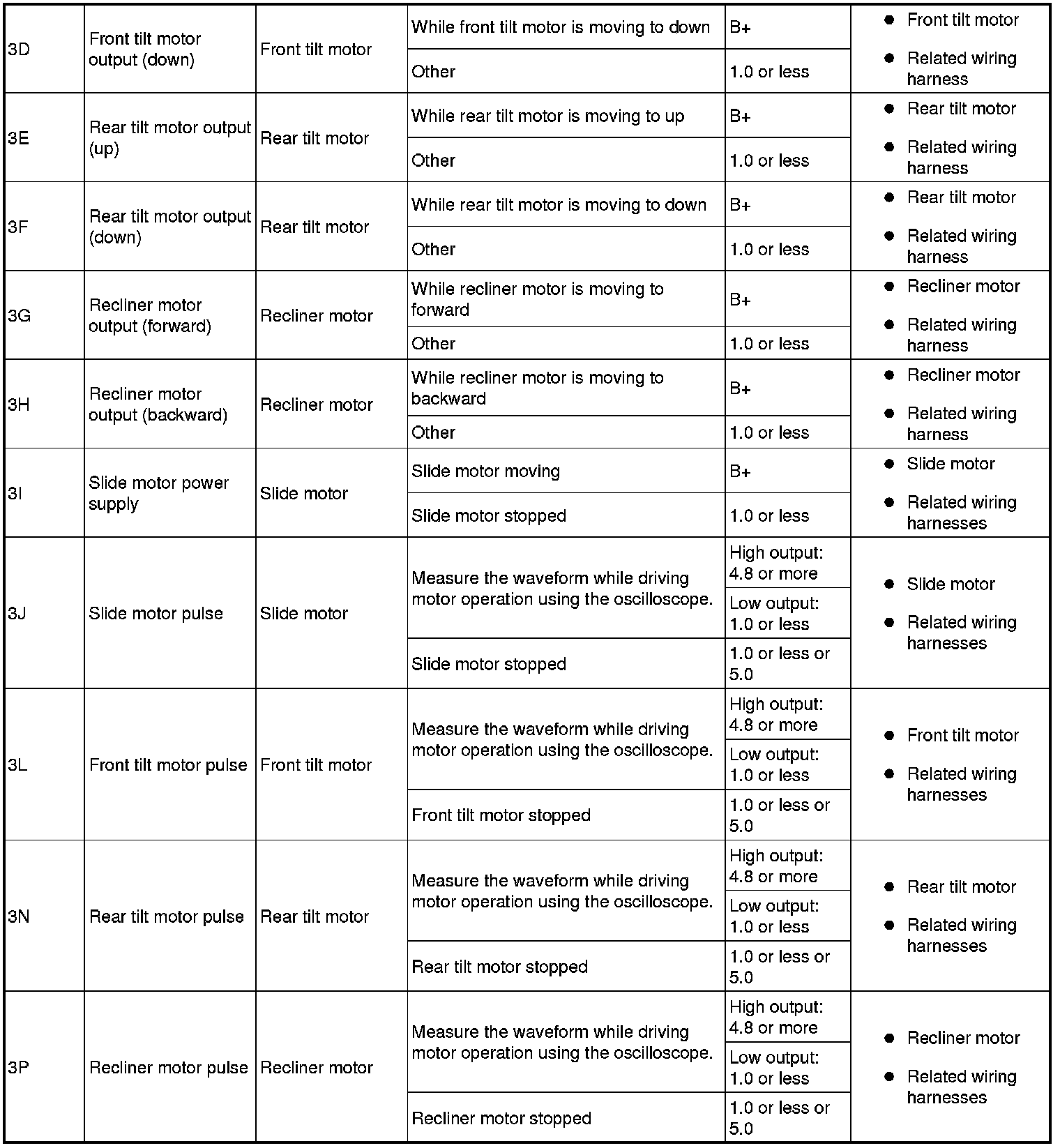 1. Measure the voltage at each terminal is as indicated in the Terminal Voltage Tables.
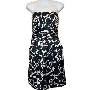 DAVID’S BRIDAL STRAPLESS BLACK & WHITE FLORAL COCKTAIL DRESS
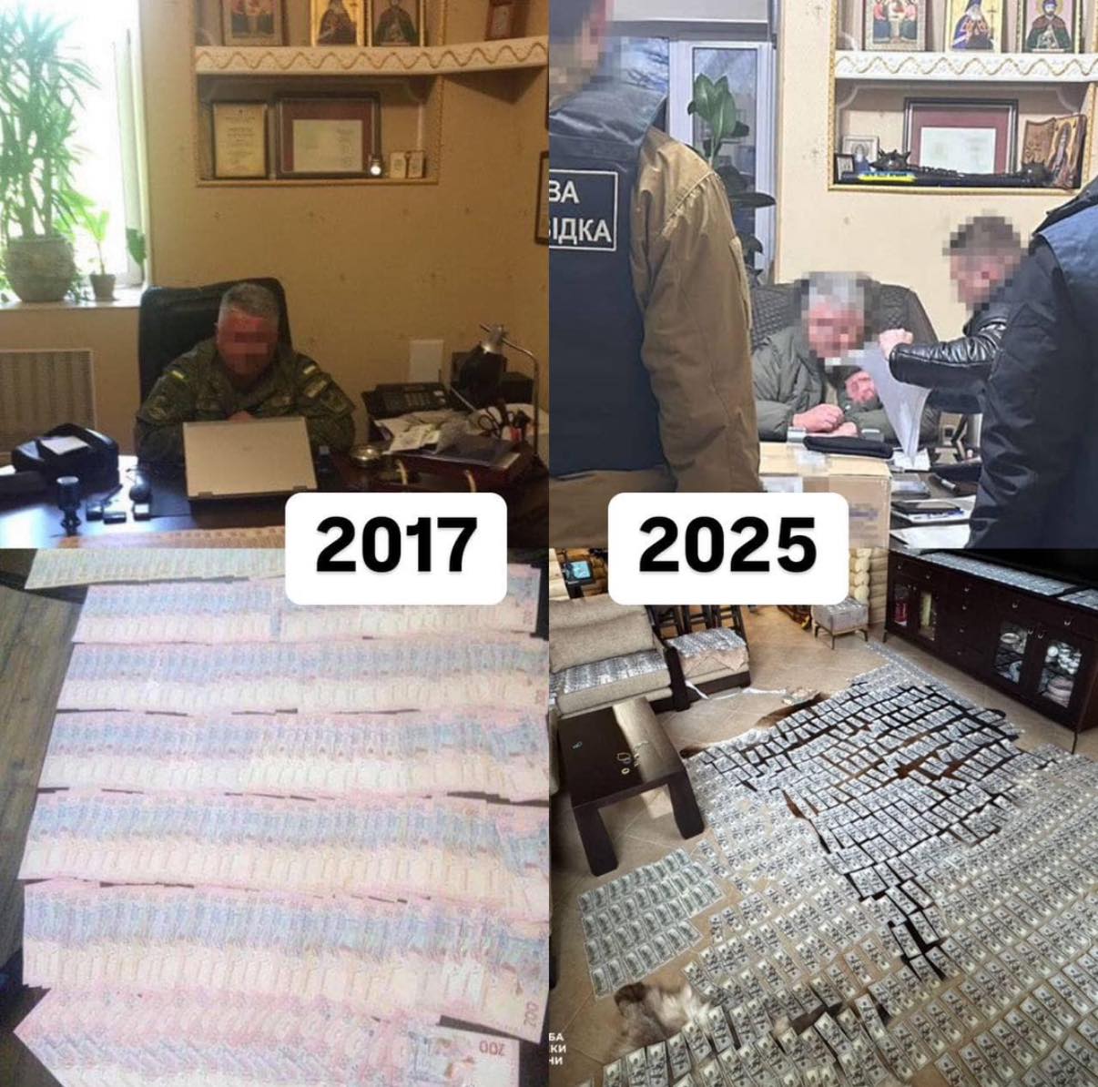 "На столе куча баксов, во дворе куча автомобилей, но что-то никто его не крутит, публично не показывает, что мы боремся со взяточниками. Пофоткали купюры и поехали себе спокойненько. Норм, чо".
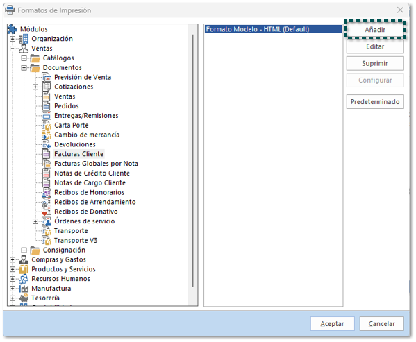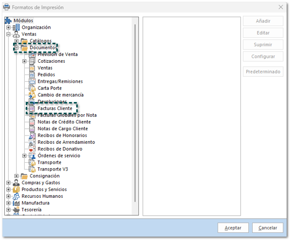 Una vez configurados los formatos para Facturas Cliente, haz clic en el botón Aceptar.
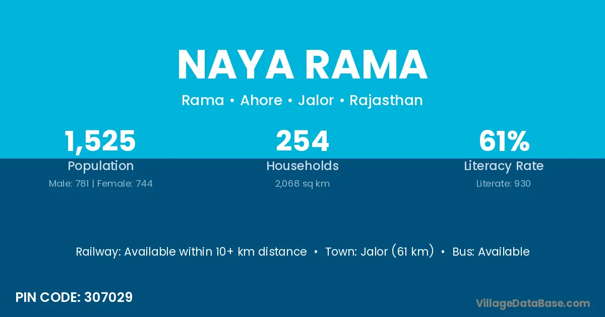 Jalor (61 km) is the nearest town to Naya Rama village for major economic activities and is located approximately 61 km away.
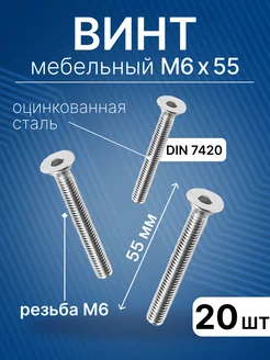 Винт мебельный с внутренним шестигранником М6х55 мм, 20 шт
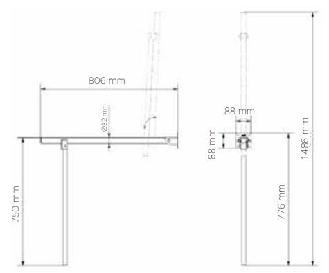 | Réf. TC :466647123 | Barre d’appui rabatable avec pied escamotable | 32 | 1,2 | Brillant | 776 x 88 x 806 | 1,8 | -
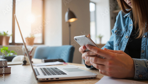 freelancer, electronic mail, smartphone, laptop, office, modern, sharpened, productivity, workspace, technology, person, female, adult, young, casual attire, denim, light, desk, indoor, organisation, professional, plant, natural light, soft, closeup, communication, connectivity, task, multitask, environment, home office, creativity, efficiency, contemporary, furniture, warming, ambience, arrangement, 1, hand, digital, tool, simplicity, balance, routine, lifestyle, idea
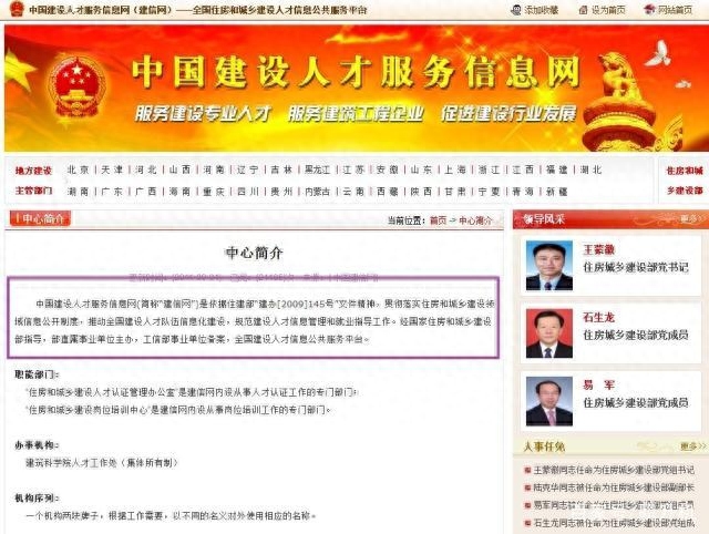 一、中国建设人才服务信息网(建信网)由全国建设人才信息咨询与就业指导中心主办,住房和城乡建设部业务指导,国家唯一建设人才信息公共服务平台,以服务建设专业人才、服务建筑企事业单位、促进建设 行业发展为办网宗旨。合格者颁发:建设部专业人才认证报告、建设人才卡,“建信网”长期查询, 国家建设主管部门认可。
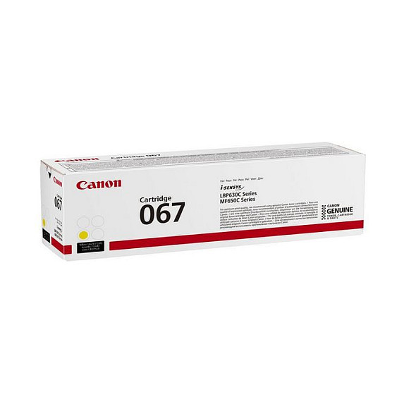 "Canon 067. Colour toner page yield: 1250 pages, Printing colours: Yellow, Quantity per pack: 1 pc(s)"\n"A yellow toner cartridge enabling high quality printing and longevity with compatible i-SENSYS printers
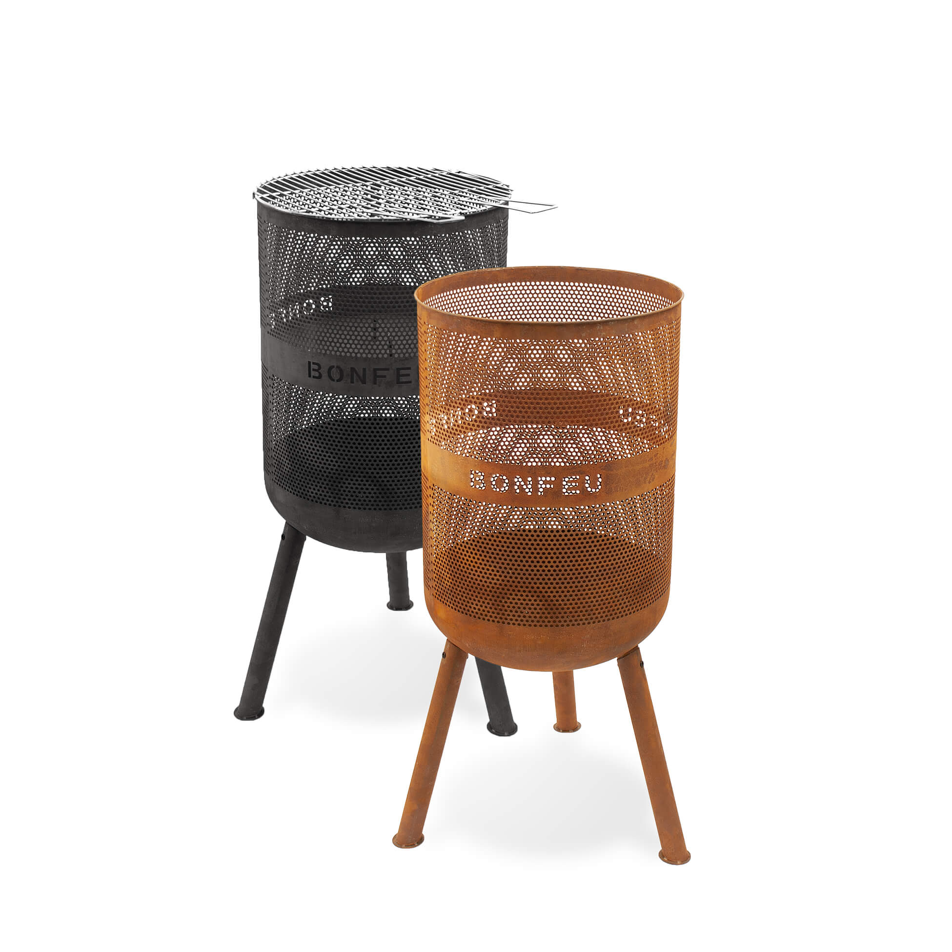 The BonVes is based on an old-fashioned washing machine drum. This type of fire pit, with a perforated drum, is known for its high heat output. In addition, the small holes in the steel have a great atmospheric effect during firing. So you can put on the fire at the bottom of the fire pit, but if you want the fire a little higher up (e.g. for cooking), you can simply hang the provided plateau with a handle at the height you want.
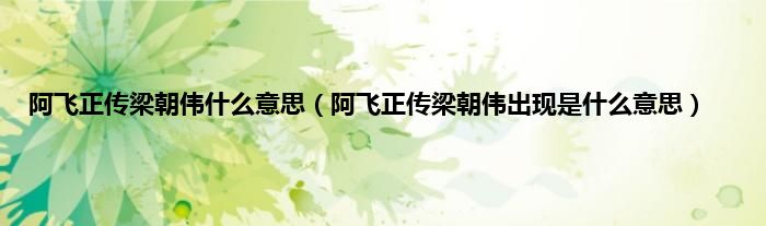 以上就是【阿飞正传梁朝伟什么意思,阿飞正传梁朝伟出现是什么意思】相关内容。
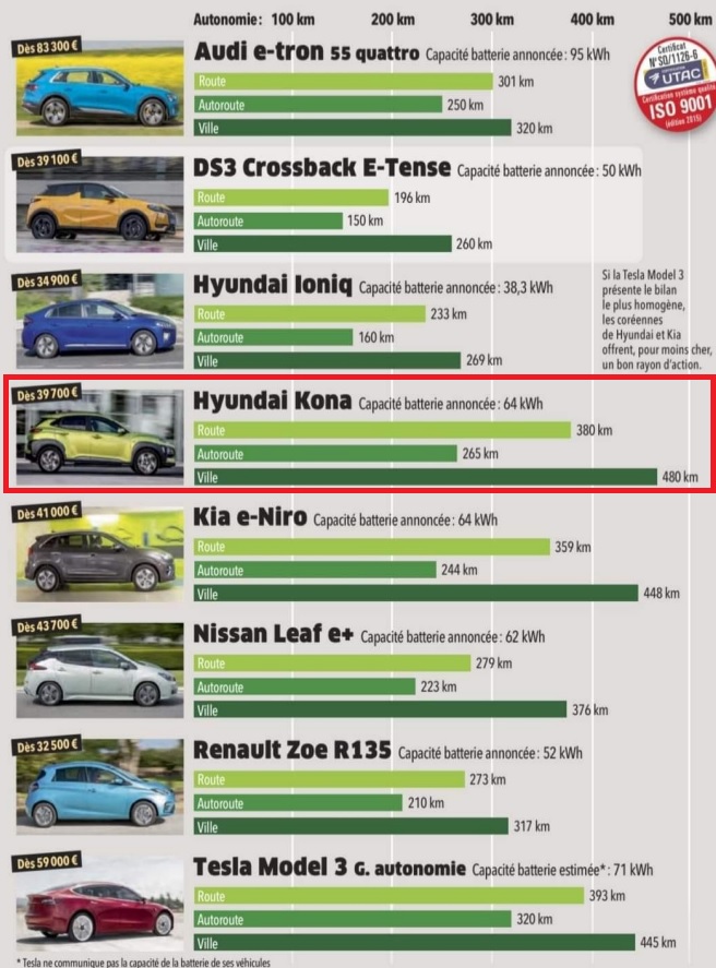 On rappelle ici l’importance de la garantie constructeur. Hyundai : 5ans la voiture, 8ans la batterie. Regardez bien ce point lors de votre achat, toutes les voitures et les stratégies de nos constructeurs sont loin d’être comparables. Si la voiture est garantie 2ans et qu’il faut payer pour prolonger la garantie, c’est que statistiquement il y a des risques que ça arrive…
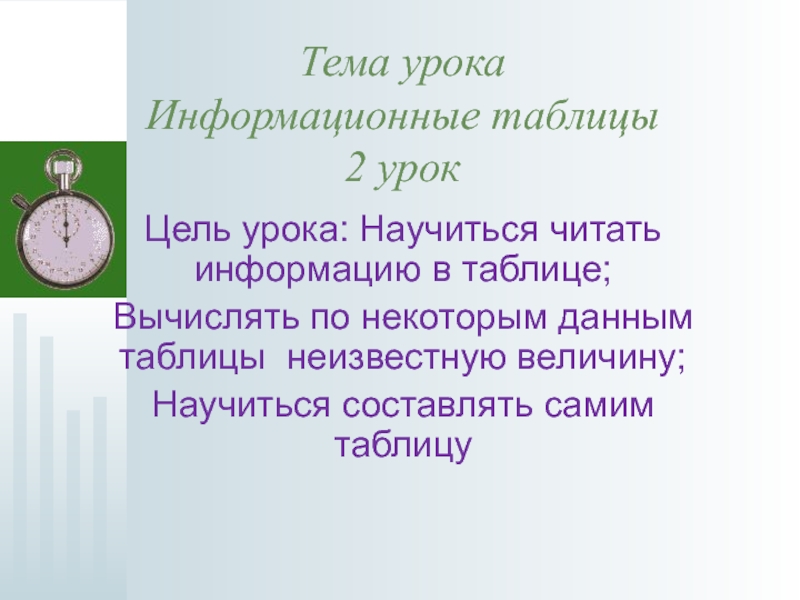 Тема урока Информационные таблицы 2 урокЦель урока: Научиться читать информацию в таблице;Вычислять по некоторым данным таблицы неизвестную величину;Научиться составлять самим таблицу
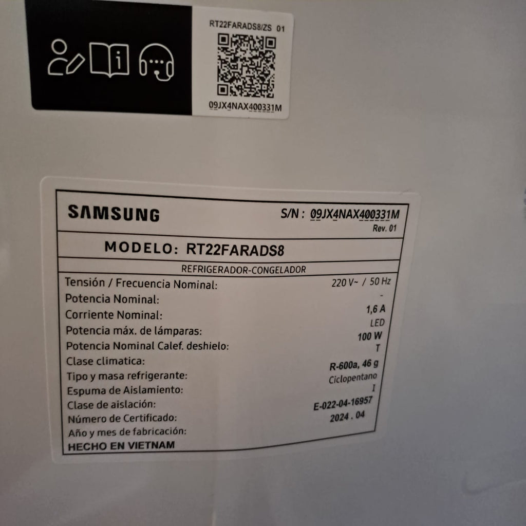 El Samsung RT22FARADS8 es un refrigerador con congelador integrado que ofrece un funcionamiento práctico y eficiente para el uso diario. Con 236 litros de capacidad total, acabado en color gris y sistema de deshielo automático, es una excelente opción para quienes buscan comodidad y buen rendimiento en un formato compacto.
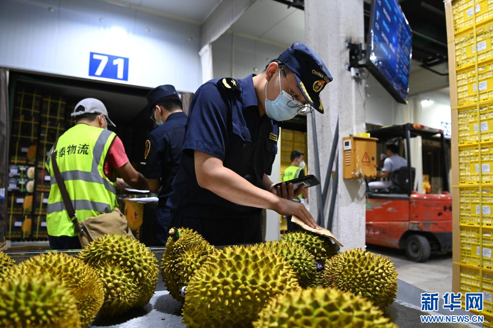 2023年9月12日,在广西凭祥友谊关口岸,海关工作人员对进口的榴莲进行查验。(曹祎铭 摄)
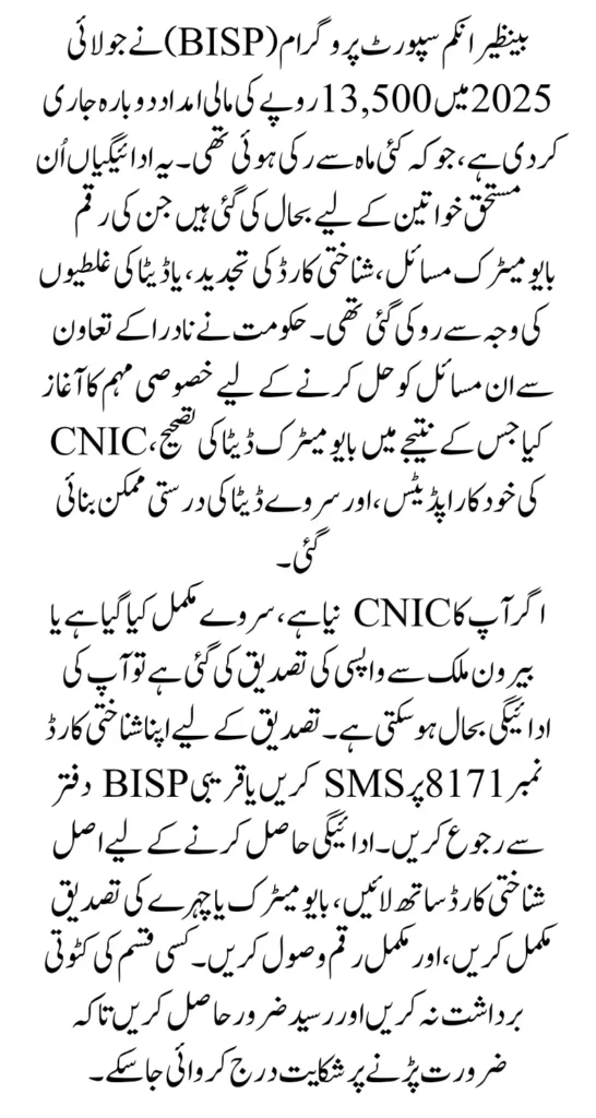The restoration of BISP 8171 payments in July 2025 is a strong step toward supporting low-income and vulnerable families in Pakistan. If your payment was stopped earlier this year due to biometric or documentation issues, now is the time to take action.
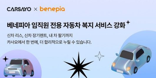 AI 모빌리티 플랫폼 카사요㈜가 선택적 복지 플랫폼 베네피아와의 제휴를 통해 임직원 전용 자동차 혜택을 제공한다고 밝혔다. 베네피아 회원이라면 신차 구매 리스, 신차구매 장기렌트, 내 차 팔기까지 원스톱으로 이용할 수 있는 카사요의 프리미엄 서비스를 누릴 수 있다.
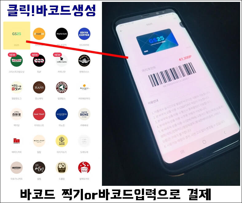 결제방법은 굉장히 간단합니다. 어플에서 마이존을 보시면 가장 가까이 위치하는 매장이 뜹니다. 그 매장을 클릭하시면 바코드가 뜨게 됩니다. 직원에게 보여주시면 바코드를 찍으시거나, 모바일쿠폰번호 입력창에 머지포인트 바코드번호를 입력하게되면 결제가 되고, 내 어플에는 결제되었다는 알림과 금액이 뜨게 됩니다.
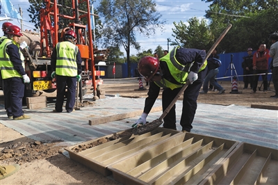 昨日(10日),故宮北院區(qū)施工現(xiàn)場(chǎng),工程人員勘探取巖芯。新京報(bào)記者 浦峰 攝

--*--

**Task statement**
Please set down only the lines from the one containing "결제방법은 굉장히 간단합니다." through the end of the entries, exactly as they stand, both ends included and with no pictures.

**Response below**
 결제방법은 굉장히 간단합니다. 어플에서 마이존을 보시면 가장 가까이 위치하는 매장이 뜹니다. 그 매장을 클릭하시면 바코드가 뜨게 됩니다. 직원에게 보여주시면 바코드를 찍으시거나, 모바일쿠폰번호 입력창에 머지포인트 바코드번호를 입력하게되면 결제가 되고, 내 어플에는 결제되었다는 알림과 금액이 뜨게 됩니다.
 昨日(10日),故宮北院區(qū)施工現(xiàn)場(chǎng),工程人員勘探取巖芯。新京報(bào)記者 浦峰 攝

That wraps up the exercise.